Сзади толпы мать заметила шпиона и двух жандармов, и она торопилась отдать последние пачки, но когда рука ее опустилась в чемодан, там она встретила чью-то чужую руку.
- Берите, берите! - сказала она, наклоняясь.
- Разойдись! - кричали жандармы, расталкивая людей. Они уступали толчкам неохотно, зажимали жандармов своею массою, мешали им, быть может, не желая этого. Их властно привлекала седая женщина с большими честными глазами на добром лице, и, разобщенные жизнью, оторванные друг от друга, теперь они сливались в нечто целое, согретое огнем слова, которого, быть может, давно искали и жаждали многие сердца, обиженные несправедливостями жизни. Ближайшие стояли молча, мать видела их жадно-внимательные глаза и чувствовала на своем лице теплое дыхание.
- Уходи, старуха!
- Сейчас возьмут!..
- Ах, дерзкая!
- Прочь! Разойдись! - все ближе раздавались крики жандармов. Люди перед матерью покачивались на ногах, хватаясь друг за друга.

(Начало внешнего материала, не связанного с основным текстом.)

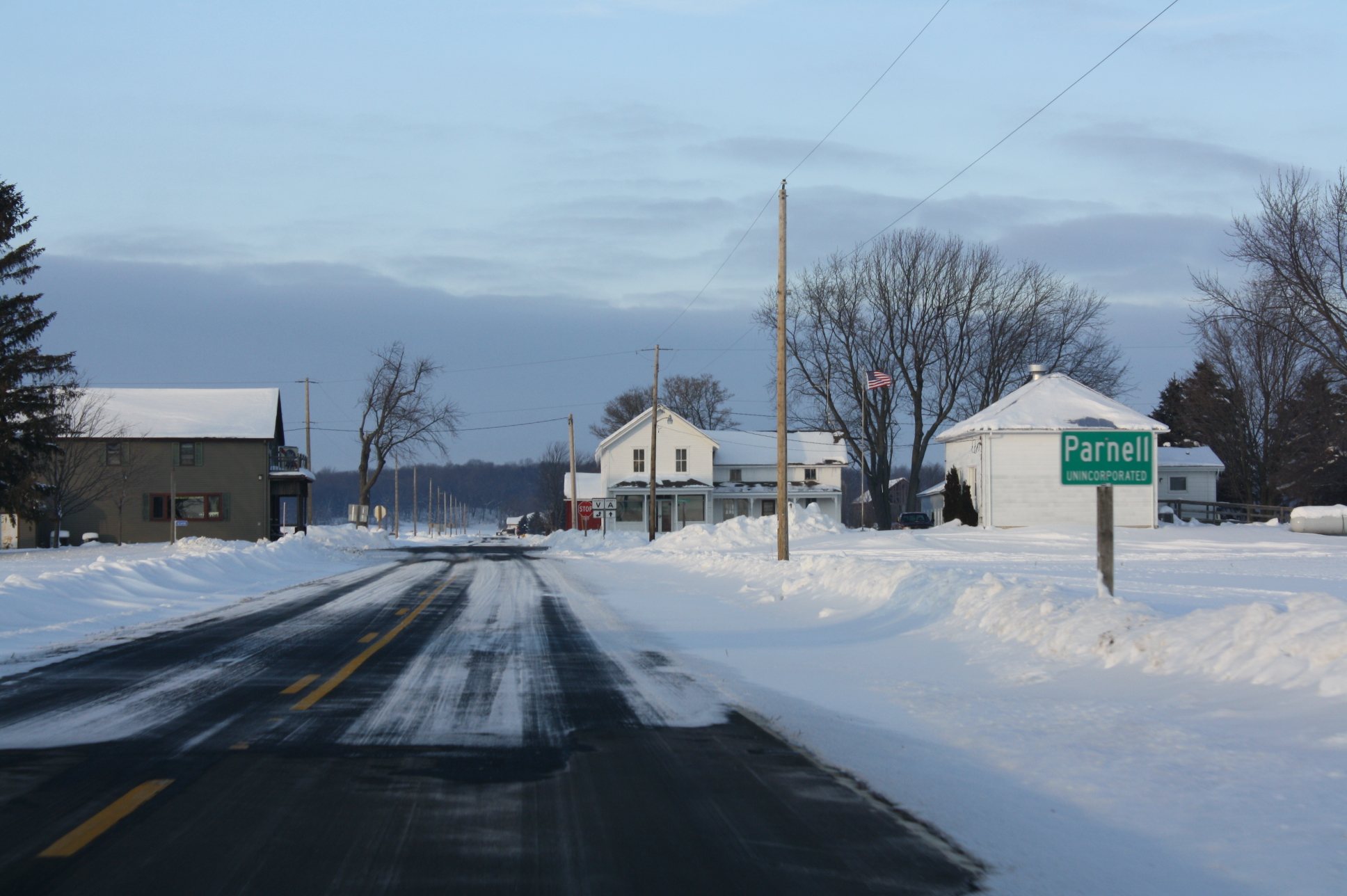 Looking north at the sign for Parnell, Wisconsin on December 31, 2012

Ей казалось, что все готовы понять ее, поверить ей, и она хотела, торопилась сказать людям все, что знала, все мысли, силу которых чувствовала. Они легко всплывали из глубины ее сердца и слагались в песню, но она с обидою чувствовала, что ей не хватает голоса, хрипит он, вздрагивает, рвется.

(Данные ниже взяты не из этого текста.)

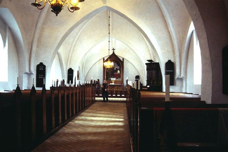 Sandholts Lyndelse Kirke (church) from apr. 1100.

- Слово сына моего - чистое слово рабочего человека, неподкупной души! Узнавайте неподкупное по смелости!
Чьи-то юные глаза смотрели в лицо ее с восторгом и со страхом.

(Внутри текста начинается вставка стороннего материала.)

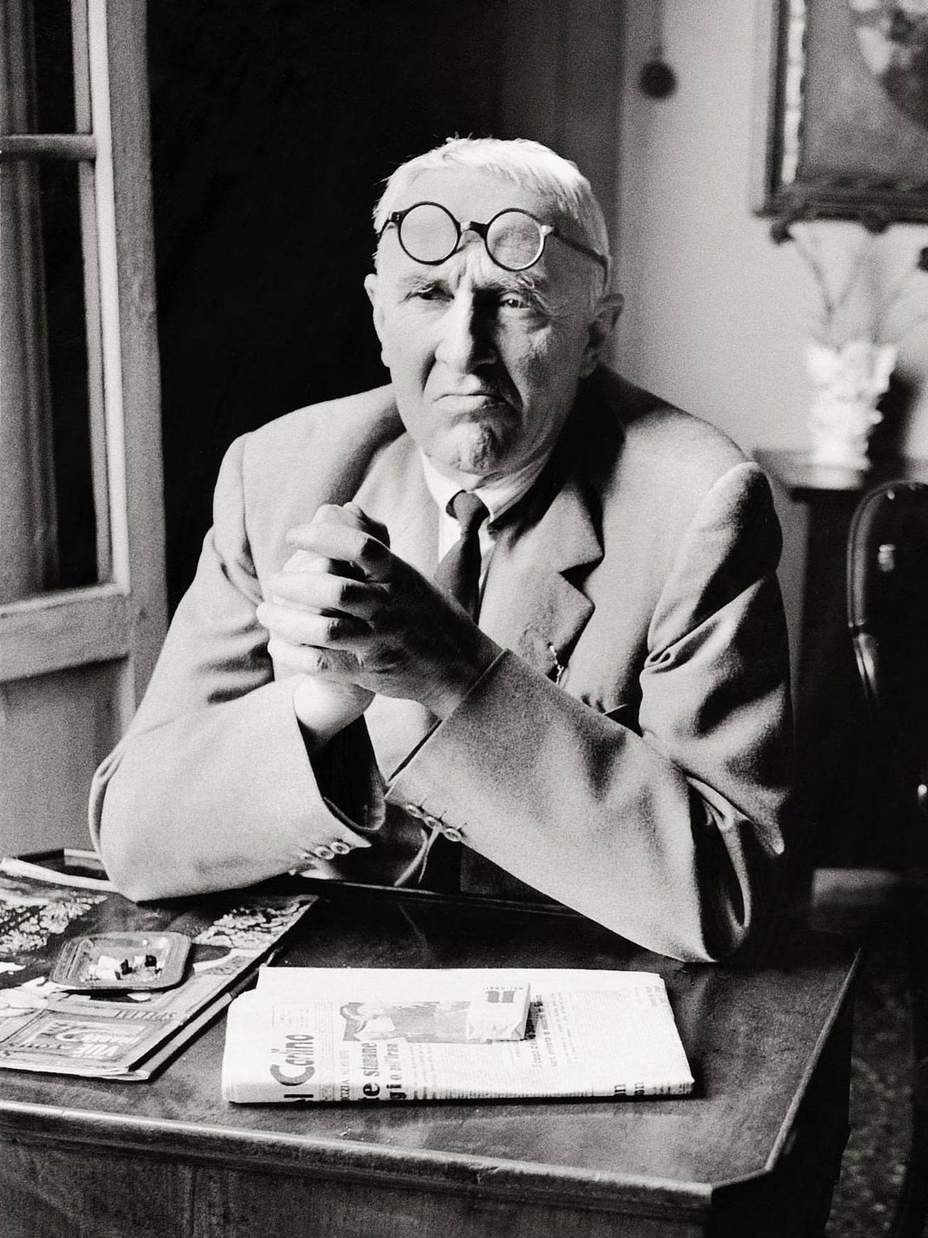 Photograph of the Italian painter Giorgio Morandi (1890–1964).

Ее толкнули в грудь, она покачнулась и села па лавку. Над головами людей мелькали руки жандармов, они хватали за воротники и плечи, отшвыривали в сторону тела, срывали шапки, далеко отбрасывая их. Все почернело, закачалось в глазах матери, но, превозмогая свою усталость, она еще кричала остатками голоса:
- Собирай, народ, силы свои во единую силу! Жандарм большой красной рукой схватил ее за ворот, встряхнул:
- Молчи!
Она ударилась затылком о стену, сердце оделось на секунду едким дымом страха и снова ярко вспыхнуло, рассеяв дым.
- Иди! - сказал жандарм.
- Не бойтесь ничего! Нет муки горше той, которой вы всю жизнь дышите...
- Молчать, говорю! - Жандарм взял под руку ее, дернул. Другой схватил другую руку, и, крупно шагая, они повели мать.
- ...которая каждый день гложет сердце, сушит грудь! Шпион забежал вперед и, грозя ей в лицо кулаком, визгливо крикнул:
- Молчать, ты, сволочь!
Глаза у нее расширились, сверкнули, задрожала челюсть. Упираясь ногами в скользкий камень пола, она крикнула:
- Душу воскресшую - не убьют!
- Собака!
Шпион ударил ее в лицо коротким взмахом руки.
- Так ее, стерву старую! - раздался злорадный крик. Что-то черное и красное на миг ослепило глаза матери, соленый вкус крови наполнил рот.
Дробный, яркий взрыв криков оживил ее.
- Не смей бить!
- Ребята!
- Ах ты, мерзавец!
- Дай ему!
- Не зальют кровью разума!
Ее толкали в шею, спину, били по плечам, по голове, все закружилось, завертелось темным вихрем в криках, вое, свисте, что-то густое, оглушающее лезло в уши, набивалось в горло, душило, пол проваливался под ее ногами, колебался, ноги гнулись, тело вздрагивало в ожогах боли, отяжелело и качалось, бессильное. Но глаза ее не угасали и видели много других глаз - они горели знакомым ей смелым, острым огнем, - родным ее сердцу огнем.
Ее толкали в двери.
Она вырвала руку, схватилась за косяк.
- Морями крови не угасят правды... Ударили по руке.
- Только злобы накопите, безумные! На вас она падет! Жандарм схватил ее за горло и стал душить. Она хрипела.
- Несчастные...
Кто-то ответил ей громким рыданием.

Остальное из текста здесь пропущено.